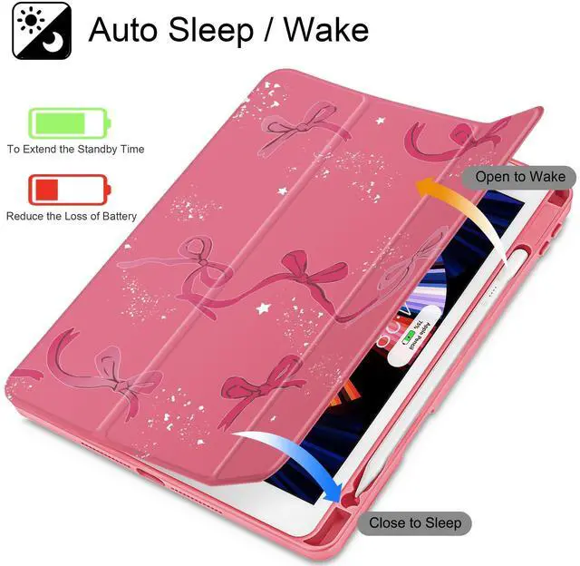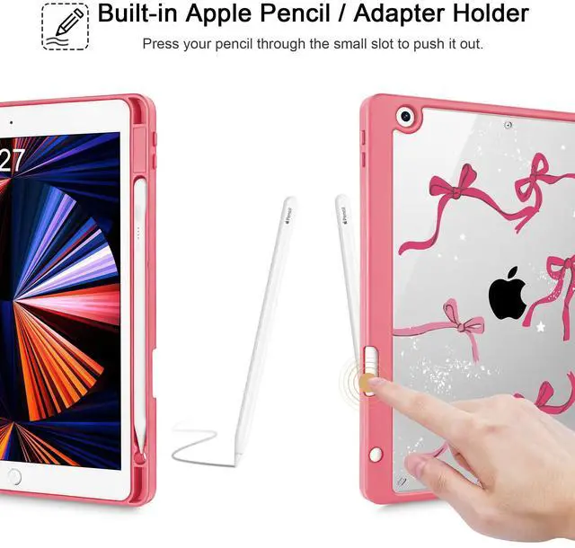 Tuiklol for iPad 10.2 case 2021 Gen 9th Release Built in Pencil Holder - Trifold Stand-Auto Wake/Sleep TPU Protection Stand Clear Back Cover for 2020 2019 [8th/7th] iPad 10.2 Case,Bow-Watermelon Red
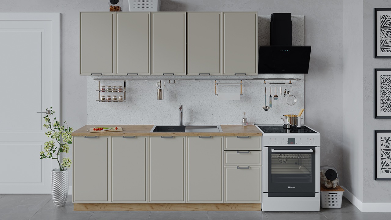 | Габаритный размер набора модулей без учета газовой плиты2 000 | Оттенок фасадаБежевый | Цвет ручкиМеталл |
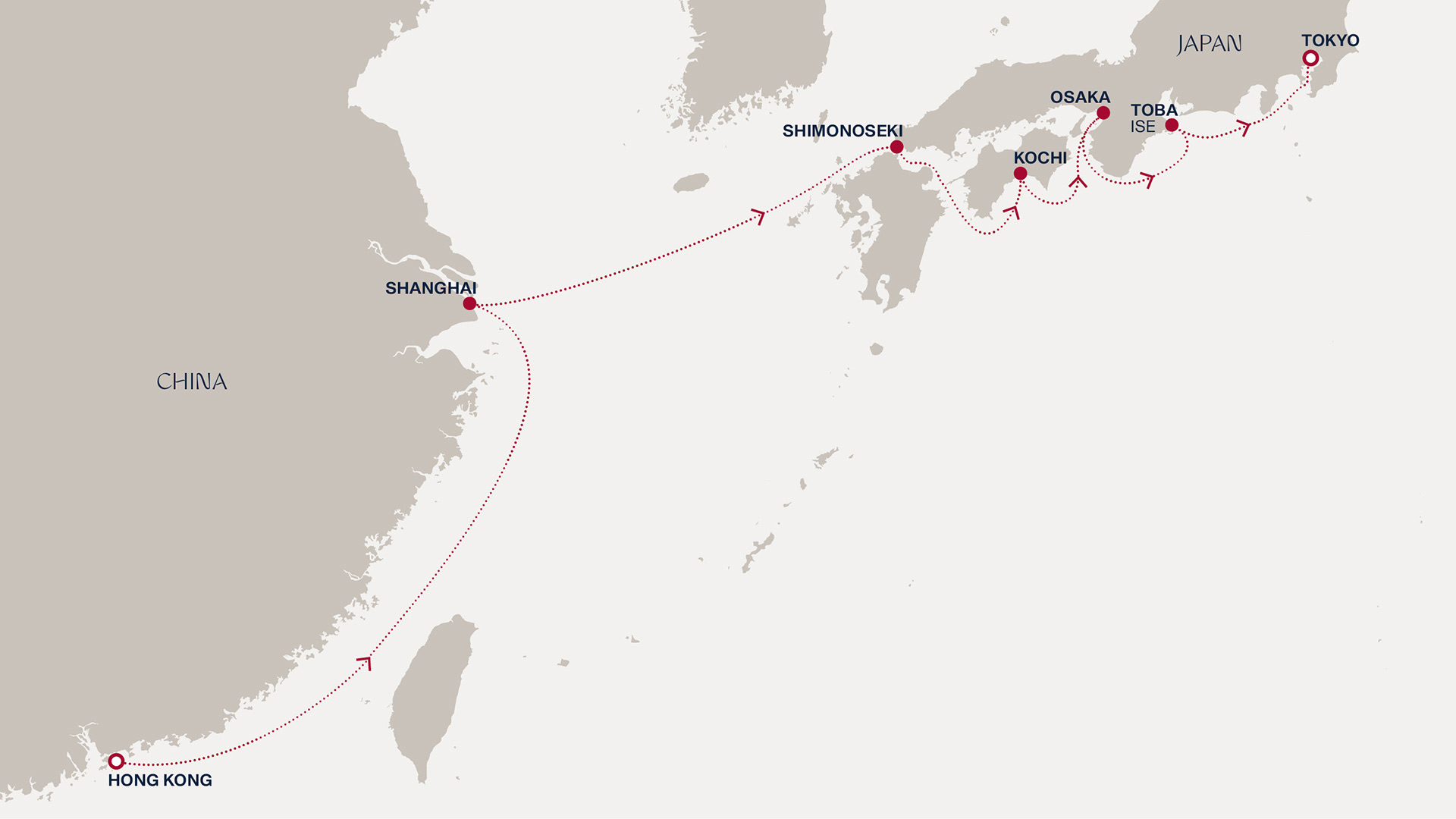 香港、上海(停泊)、下関、高知、大阪、鳥羽(伊勢)、東京

→ **Problem description**: Where the line containing "Цвет ручкиМеталл |" appears, begin writing out the lines word for word, and continue through the last line of the data, leaving out pictures.

→ **Output**:
 | Габаритный размер набора модулей без учета газовой плиты2 000 | Оттенок фасадаБежевый | Цвет ручкиМеталл |
 香港、上海(停泊)、下関、高知、大阪、鳥羽(伊勢)、東京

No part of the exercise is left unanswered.